Meditation Techniques for Beginners

I’m going to share my BEST meditation techniques for beginners that will have you feeling much more excited and inspired to meditate every single day. I know meditation has developed a certain ‘rep’ that may leave you feeling uninspired to meditate. So, before we dive in, let’s first quickly go over the health benefits of meditation…

Quick Benefits of Meditation:

  • Boosts your health and happiness
  • Reduces stress and anxiety levels
  • Promotes emotional well-being
  • Enhances self-awareness
  • Lengthens attention span
  • Improves sleep
  • Improves concentration and focus

Key Principles You Must GET

Now that you know why you should do it, here’s some really important things you MUST KNOW before we get into the specific meditation techniques for beginners.

  1. Let go of what it “should” look like. Stop SHOULDING on yourself!

    There is no right or wrong way to meditate. What works for someone else may not work for you.

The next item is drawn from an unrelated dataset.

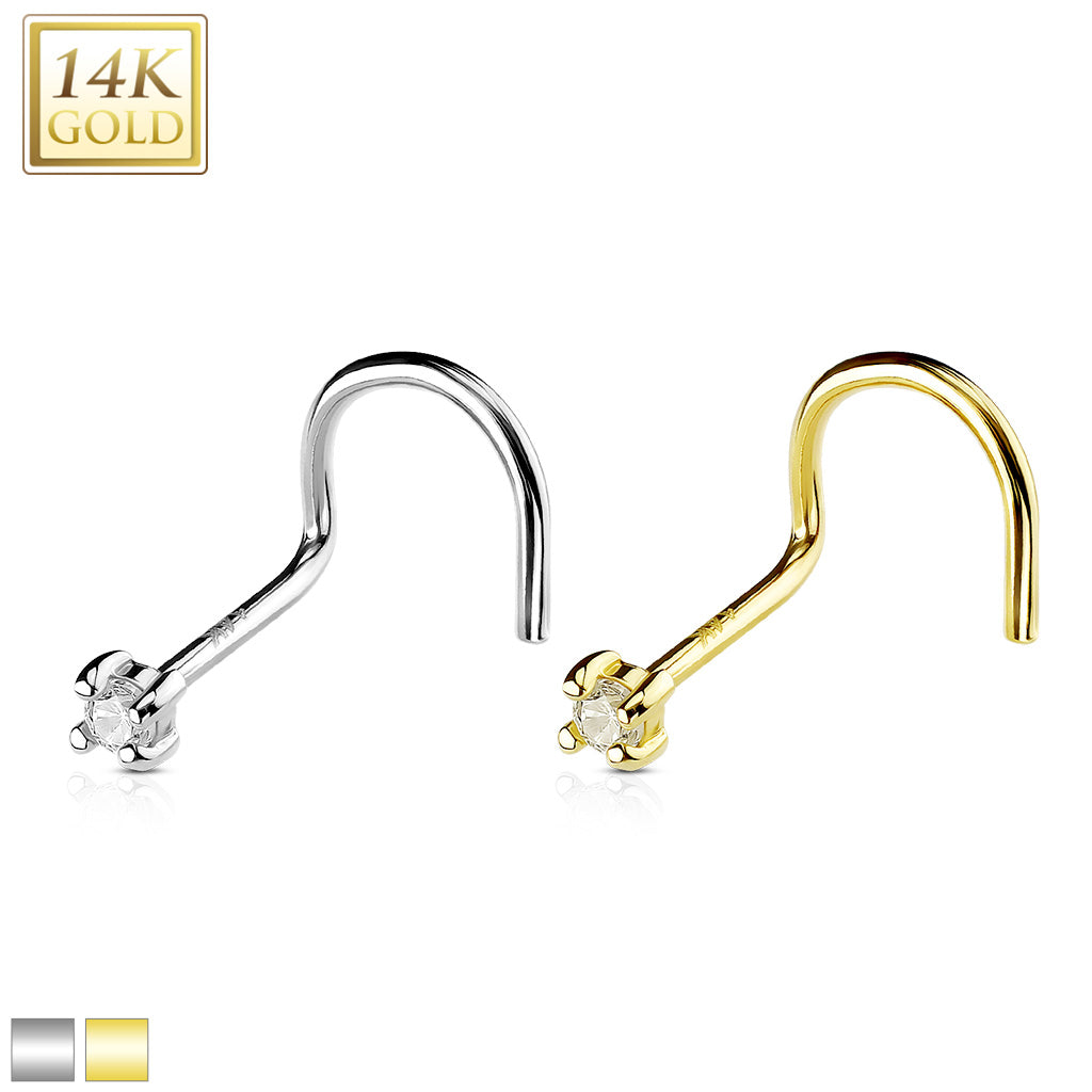 14K Gold Claw-Set Circular Crystal Nose Screw 20g

    Let go of what it should look like. This will free you up immediately. Know that you will be creating your own unique practice and focus on enjoyment instead of “perfection” and “doing it right”.

  2. Be patient.

    Know that this is your practice… and it takes practice. Each time you meditate, you are creating your practice. It is crucial that you be patient and enjoy the process of creating your meditation practice.

    If you don’t already meditate or you’re not quite grasping meditation now, just like anything else in life, it takes time! It will take your commitment, dedication and consistency. Show up every day to your practice and it will show up for you.

    One of my favorite examples of this is in Julia Roberts’ Eat, Pray, Love movie.

    Remember the scene where she was in India and she kept slapping her face because of the flies and getting all distracted? These things happen! And it’s okay! The important part is that she stayed committed and continued to practice until she got it down.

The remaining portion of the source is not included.